THE TASK: Set every entry down again exactly, omitting none.
[[ DATA TO USE open ]]
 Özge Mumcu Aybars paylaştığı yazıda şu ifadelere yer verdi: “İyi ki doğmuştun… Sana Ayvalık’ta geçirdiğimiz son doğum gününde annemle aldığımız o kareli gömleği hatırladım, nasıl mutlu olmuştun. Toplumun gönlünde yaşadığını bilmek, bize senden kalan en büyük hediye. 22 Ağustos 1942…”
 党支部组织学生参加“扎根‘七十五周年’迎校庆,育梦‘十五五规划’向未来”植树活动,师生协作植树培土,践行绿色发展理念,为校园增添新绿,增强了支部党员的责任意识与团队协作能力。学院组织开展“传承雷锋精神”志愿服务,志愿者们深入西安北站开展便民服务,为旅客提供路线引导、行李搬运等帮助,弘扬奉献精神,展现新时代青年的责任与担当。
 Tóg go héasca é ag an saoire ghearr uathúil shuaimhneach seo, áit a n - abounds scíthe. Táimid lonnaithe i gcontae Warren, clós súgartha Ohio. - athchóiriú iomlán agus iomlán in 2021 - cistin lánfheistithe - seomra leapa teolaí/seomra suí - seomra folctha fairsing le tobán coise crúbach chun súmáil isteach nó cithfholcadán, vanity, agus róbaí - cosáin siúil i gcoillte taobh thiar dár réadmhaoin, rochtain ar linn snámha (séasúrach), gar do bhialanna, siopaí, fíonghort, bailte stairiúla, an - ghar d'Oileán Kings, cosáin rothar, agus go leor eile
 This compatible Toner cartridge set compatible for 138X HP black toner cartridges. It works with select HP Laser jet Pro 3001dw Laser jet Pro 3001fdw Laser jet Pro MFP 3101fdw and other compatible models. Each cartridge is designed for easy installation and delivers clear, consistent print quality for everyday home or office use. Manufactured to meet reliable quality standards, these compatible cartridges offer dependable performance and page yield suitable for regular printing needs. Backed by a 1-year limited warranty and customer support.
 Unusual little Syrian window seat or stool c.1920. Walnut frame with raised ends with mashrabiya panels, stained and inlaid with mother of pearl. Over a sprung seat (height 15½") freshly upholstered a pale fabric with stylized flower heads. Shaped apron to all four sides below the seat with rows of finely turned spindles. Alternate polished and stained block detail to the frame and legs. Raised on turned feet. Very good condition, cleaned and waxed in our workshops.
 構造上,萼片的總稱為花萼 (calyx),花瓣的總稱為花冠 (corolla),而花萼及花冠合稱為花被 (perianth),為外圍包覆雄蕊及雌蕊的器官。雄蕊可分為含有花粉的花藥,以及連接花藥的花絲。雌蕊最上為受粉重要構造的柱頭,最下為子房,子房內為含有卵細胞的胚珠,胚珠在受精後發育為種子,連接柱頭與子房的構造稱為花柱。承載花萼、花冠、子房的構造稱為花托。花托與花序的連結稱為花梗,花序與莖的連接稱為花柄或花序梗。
[[ DATA TO USE closed ]]
SOLUTION FOR THIS PROBLEM:
 Özge Mumcu Aybars paylaştığı yazıda şu ifadelere yer verdi: “İyi ki doğmuştun… Sana Ayvalık’ta geçirdiğimiz son doğum gününde annemle aldığımız o kareli gömleği hatırladım, nasıl mutlu olmuştun. Toplumun gönlünde yaşadığını bilmek, bize senden kalan en büyük hediye. 22 Ağustos 1942…”
 党支部组织学生参加“扎根‘七十五周年’迎校庆,育梦‘十五五规划’向未来”植树活动,师生协作植树培土,践行绿色发展理念,为校园增添新绿,增强了支部党员的责任意识与团队协作能力。学院组织开展“传承雷锋精神”志愿服务,志愿者们深入西安北站开展便民服务,为旅客提供路线引导、行李搬运等帮助,弘扬奉献精神,展现新时代青年的责任与担当。
 Tóg go héasca é ag an saoire ghearr uathúil shuaimhneach seo, áit a n - abounds scíthe. Táimid lonnaithe i gcontae Warren, clós súgartha Ohio. - athchóiriú iomlán agus iomlán in 2021 - cistin lánfheistithe - seomra leapa teolaí/seomra suí - seomra folctha fairsing le tobán coise crúbach chun súmáil isteach nó cithfholcadán, vanity, agus róbaí - cosáin siúil i gcoillte taobh thiar dár réadmhaoin, rochtain ar linn snámha (séasúrach), gar do bhialanna, siopaí, fíonghort, bailte stairiúla, an - ghar d'Oileán Kings, cosáin rothar, agus go leor eile
 This compatible Toner cartridge set compatible for 138X HP black toner cartridges. It works with select HP Laser jet Pro 3001dw Laser jet Pro 3001fdw Laser jet Pro MFP 3101fdw and other compatible models. Each cartridge is designed for easy installation and delivers clear, consistent print quality for everyday home or office use. Manufactured to meet reliable quality standards, these compatible cartridges offer dependable performance and page yield suitable for regular printing needs. Backed by a 1-year limited warranty and customer support.
 Unusual little Syrian window seat or stool c.1920. Walnut frame with raised ends with mashrabiya panels, stained and inlaid with mother of pearl. Over a sprung seat (height 15½") freshly upholstered a pale fabric with stylized flower heads. Shaped apron to all four sides below the seat with rows of finely turned spindles. Alternate polished and stained block detail to the frame and legs. Raised on turned feet. Very good condition, cleaned and waxed in our workshops.
 構造上,萼片的總稱為花萼 (calyx),花瓣的總稱為花冠 (corolla),而花萼及花冠合稱為花被 (perianth),為外圍包覆雄蕊及雌蕊的器官。雄蕊可分為含有花粉的花藥,以及連接花藥的花絲。雌蕊最上為受粉重要構造的柱頭,最下為子房,子房內為含有卵細胞的胚珠,胚珠在受精後發育為種子,連接柱頭與子房的構造稱為花柱。承載花萼、花冠、子房的構造稱為花托。花托與花序的連結稱為花梗,花序與莖的連接稱為花柄或花序梗。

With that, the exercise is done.